Clearly most people, middle income taxpayers, an overwhelming majority of them will get tax relief. And because of the business tax changes it's much less likely that the job they currently have is going to end up in another country because we are clearly uncompetitive in the global economy with the current tax rates.
JOHN DICKERSON: But--
MITCH MCCONNELL: John, I think this coupled with the regulatory relief the administration's been providing are the reasons the economy's beginning to pick up. Consumer confidence is up. I don't want to read too much into quarterly growth rates, but we've had two quarterly growth rates in a row of 3% growth. I think this is going to get the country growing again.
JOHN DICKERSON: But on a question of the middle class, there would be a way to craft it so that the number of people who might get a tax increase would be pretty small. And there were Republican efforts to expand the earned income tax credit, to make the child tax credit more robust, to lower the rates for people at the lower end. Those were all Republican efforts that didn't get much energy whereas the energy on the corporate tax rate was always, "It's going to be 20%, and nobody's tinkering with that." So just in terms of where the emphasis was on the work, there's much more work that could have been done on the middle class and lower income question than was really done in crafting this bill.
MITCH MCCONNELL: Well, the question is whether you're getting tax relief. And of course people on the lower end don't provide a huge percentage of the revenue that we raise through taxation. But what people want is, "Am I going to get some relief myself?" Answer, overwhelmingly likely to, "and is my job likely to continue to be in the United States? And are we going to have a growing economy so my children will be able to realize the same goals and aspirations that I want them to have?"
JOHN DICKERSON: I think that--
MITCH MCCONNELL: And this is designed, this is designed to get the economy grow-- we didn't have a single year of 3% growth during all of the Obama years. We were clearly underperforming. You have to ask the question why. A combination of overregulation and a lousy tax code.
JOHN DICKERSON: I think the question was about really the winners and losers, but let's move on to the question of process. Because the Democrats of course have made a lot of complaints about process. You said on Friday night, "You complain about process when you're losing." And-- and the Senate process might seem like something that's not important to people, but you wrote a book called The Long Game in which you talk a lot about the process. You say in fact it's what's at the heart of the Senate and why it's a different institution. So this looks like a situation when you're in the minority you like the process but when you're in the majority you move on.
MITCH MCCONNELL: Not true. We followed the regular order. There were multiple hearings. The Democrats were there. Days of hearings. Days of amendments. The Democrats offered amendments in committee ad nauseam. The process on the floor, the reconciliation process, is regular order. That's how they passed Obamacare. It's -- we didn't do anything that you could call a foul on process.

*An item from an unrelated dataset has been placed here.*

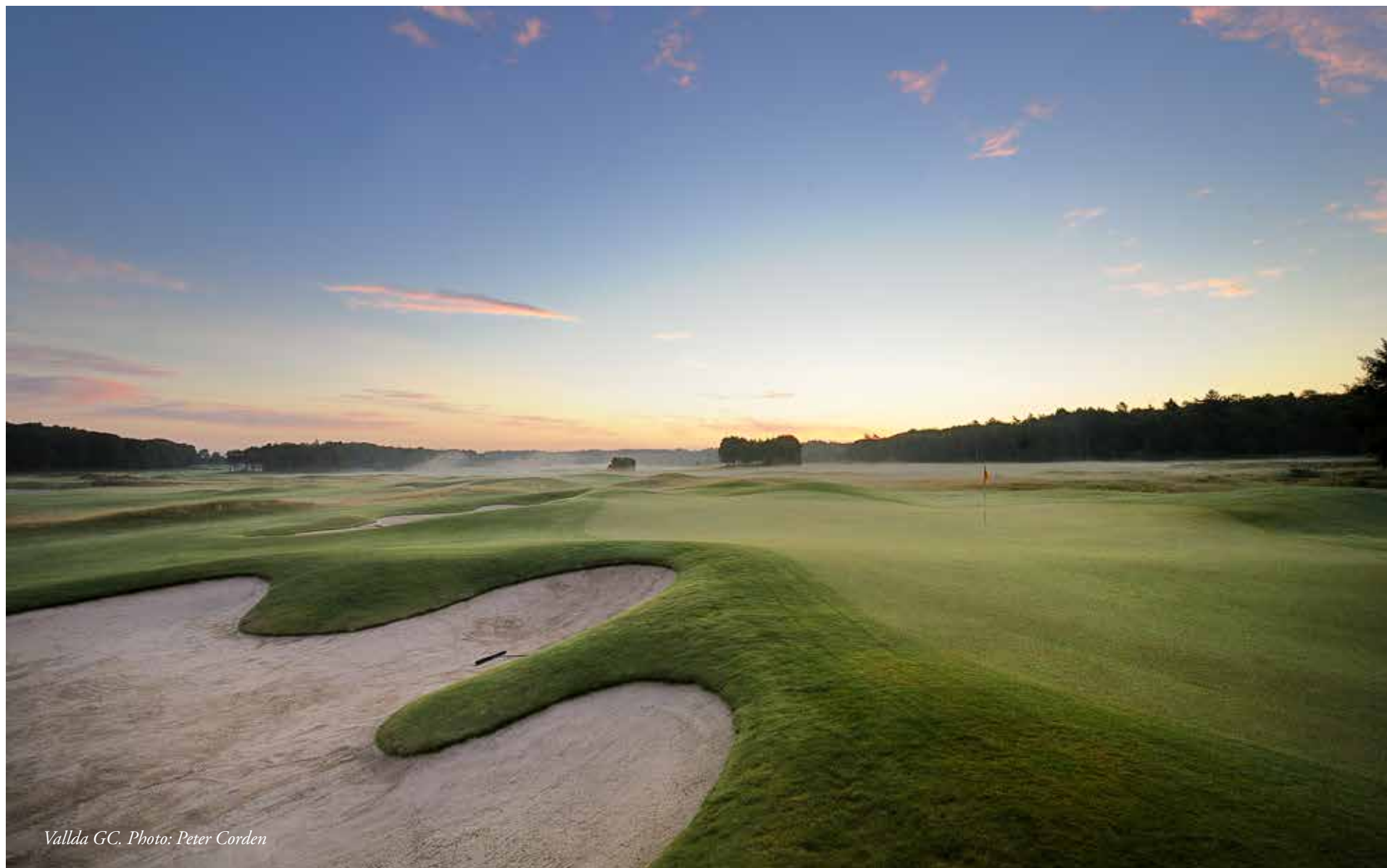
Vallda GC.

JOHN DICKERSON: Well, they--
MITCH MCCONNELL: Well, they didn't -- let me just say they didn't like the fact that we repealed the unpopular individual mandate from Obamacare, but yet they didn't offer a single amendment to take it out, and they had the opportunity to do it.
JOHN DICKERSON: Well, they had 25 days of debate on Obamacare. And you said the process at the time was arrogant and that they were pushing an unpopular bill through. This bill is unpopular. Why isn't this the same thing?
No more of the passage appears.